[[ DATASET RECORDS, beginning ]]

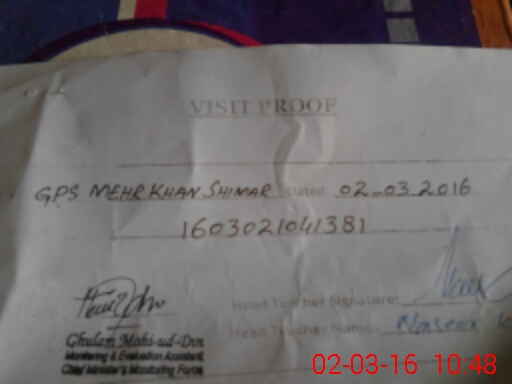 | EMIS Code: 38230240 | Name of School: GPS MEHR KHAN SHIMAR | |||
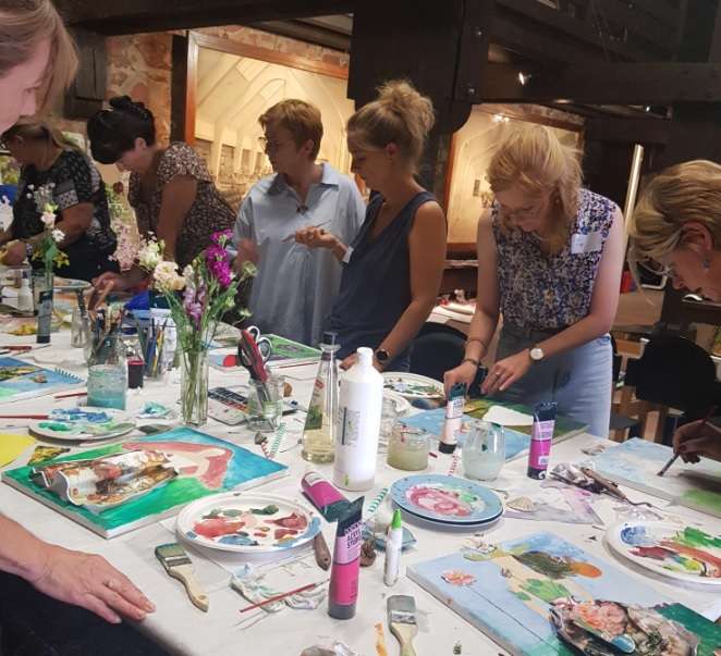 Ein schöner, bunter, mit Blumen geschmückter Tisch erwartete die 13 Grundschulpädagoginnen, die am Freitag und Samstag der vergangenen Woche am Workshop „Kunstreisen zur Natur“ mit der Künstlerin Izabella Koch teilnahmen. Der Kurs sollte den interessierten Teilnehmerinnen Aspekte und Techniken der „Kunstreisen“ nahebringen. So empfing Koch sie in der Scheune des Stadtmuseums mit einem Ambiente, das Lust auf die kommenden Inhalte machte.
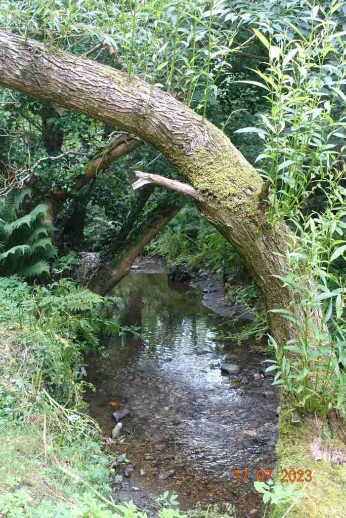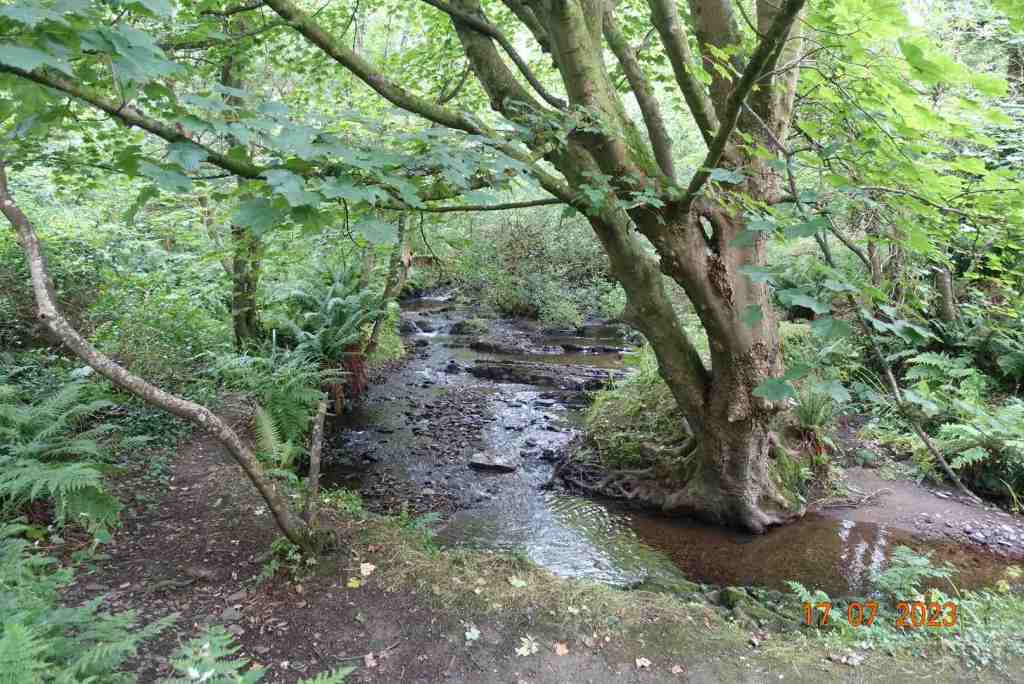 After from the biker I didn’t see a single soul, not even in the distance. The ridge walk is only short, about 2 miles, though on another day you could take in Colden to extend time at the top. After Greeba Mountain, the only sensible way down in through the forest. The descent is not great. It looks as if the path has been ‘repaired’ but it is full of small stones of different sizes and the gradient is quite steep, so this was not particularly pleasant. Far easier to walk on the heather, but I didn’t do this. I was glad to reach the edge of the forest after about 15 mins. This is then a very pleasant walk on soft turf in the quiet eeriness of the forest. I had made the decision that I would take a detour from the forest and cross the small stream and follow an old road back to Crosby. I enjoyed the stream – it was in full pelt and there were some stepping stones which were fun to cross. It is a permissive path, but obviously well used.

[[ DATASET RECORDS, end ]]
[[ DATASET RECORDS, beginning ]]

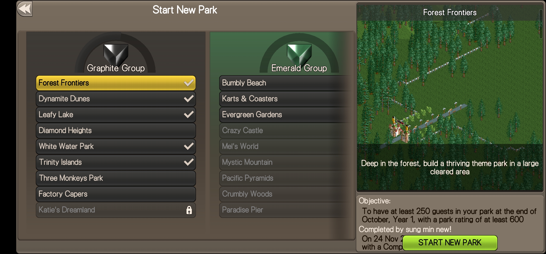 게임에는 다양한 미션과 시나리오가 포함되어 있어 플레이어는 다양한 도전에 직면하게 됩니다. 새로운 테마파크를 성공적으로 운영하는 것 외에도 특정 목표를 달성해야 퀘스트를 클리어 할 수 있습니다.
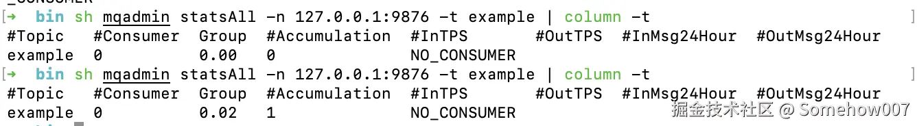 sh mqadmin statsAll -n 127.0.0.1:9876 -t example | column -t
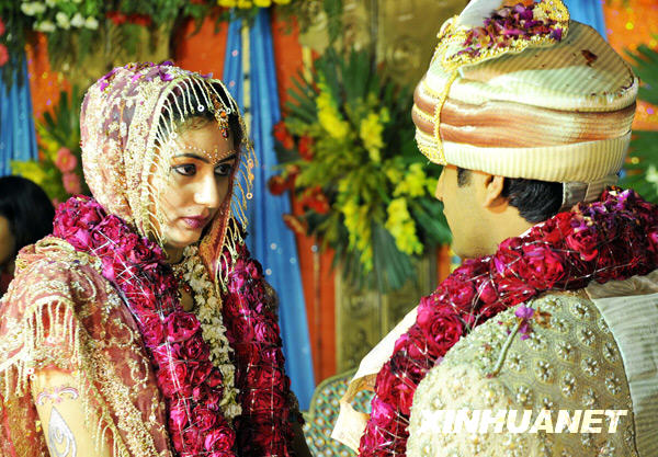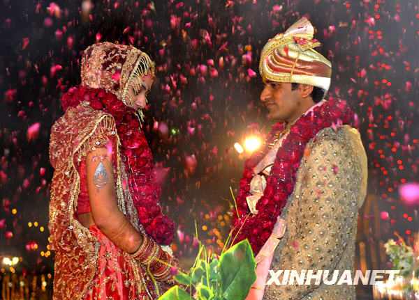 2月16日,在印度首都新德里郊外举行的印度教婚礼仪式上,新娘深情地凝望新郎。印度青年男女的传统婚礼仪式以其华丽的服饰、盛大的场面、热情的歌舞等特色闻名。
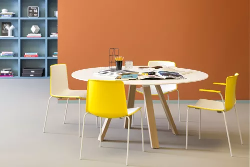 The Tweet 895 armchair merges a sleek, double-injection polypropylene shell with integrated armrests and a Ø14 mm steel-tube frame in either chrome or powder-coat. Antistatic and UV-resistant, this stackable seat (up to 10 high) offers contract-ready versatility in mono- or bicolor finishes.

[[ DATASET RECORDS, end ]]

Reproduce the data above exactly, but only the lines from the one showing "2月16日,在印度首都新德里" through the one showing "The Tweet 895", with both ends kept and the pictures left out.

SOLUTION TO THIS TASK:
 2月16日,在印度首都新德里郊外举行的印度教婚礼仪式上,新娘深情地凝望新郎。印度青年男女的传统婚礼仪式以其华丽的服饰、盛大的场面、热情的歌舞等特色闻名。
 The Tweet 895 armchair merges a sleek, double-injection polypropylene shell with integrated armrests and a Ø14 mm steel-tube frame in either chrome or powder-coat. Antistatic and UV-resistant, this stackable seat (up to 10 high) offers contract-ready versatility in mono- or bicolor finishes.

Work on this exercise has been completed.